Soap is made by combining fat of some sort (vegetable oils make a softer, gentler soap suitable for cleaning faces and hands, or for washing wool; animal fats such as tallow make a harder soap for heavy-duty cleaning jobs) with caustic soda or lye. This makes soap qualify as a natural cleaning product par excellence, as tallow is a by-product of the meat industry while caustic soda or lye can be made from wood ash, another waste product derived from an organic source. The process is called saponification, which is the boffin's way of saying that the ingredients of soap... make soap. Caustic soda is a strong alkaline while fat is slightly acidic, so the end product is a mild alkaline with a pH of about 8 (7 is neutral).

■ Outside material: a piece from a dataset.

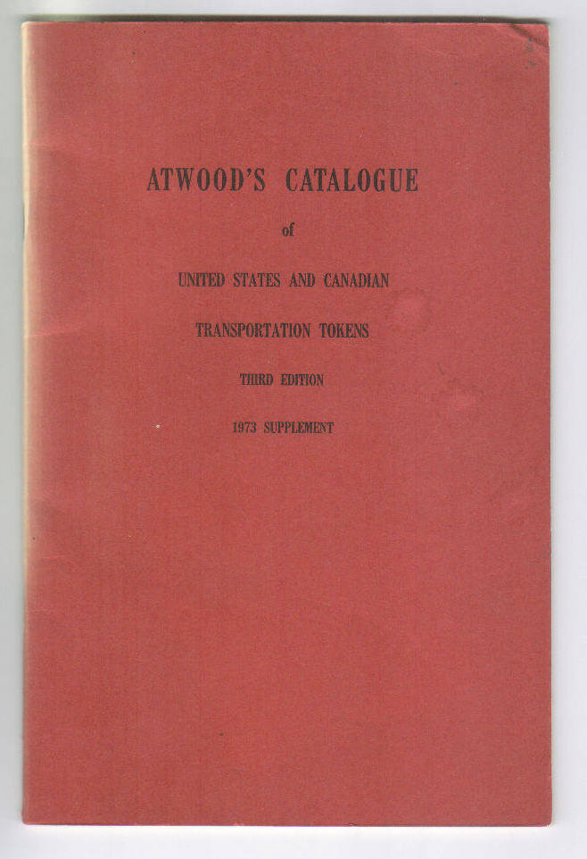 2. "Atwood Transportation Token Catalog, 1973 Supplement," Does NOT include the basic Atwood catalog, only this later Supplement. Very good condition, 38 pages, edited by John Coffee, dated May 20, 1973. Image T-CT006b.

Soap's chemistry makes it able to make water wetter. This sounds like gobbledegook until you remember about water's surface tension. Surface tension is what makes it possible for a needle to float on water or for water to stand up a millimetre or two above the top of a glass. Soap's chemical structure breaks the surface tension of water so water can't form this "skin".

Once the "skin" of the water is broken, the water can mix more readily with other substances. As water is pretty nearly a universal solvent, this means that it can begin to break down the grime and dirt molecules, floating them away from where you don't want them (e.g. carpets).

 

Soap's chemical structure also makes it an emulsifier – something that allows two liquids that don't usually mix (for example, oil and water) to combine. This is why soap is prized as a grease-cutter and why it can work to remove oily marks and stains.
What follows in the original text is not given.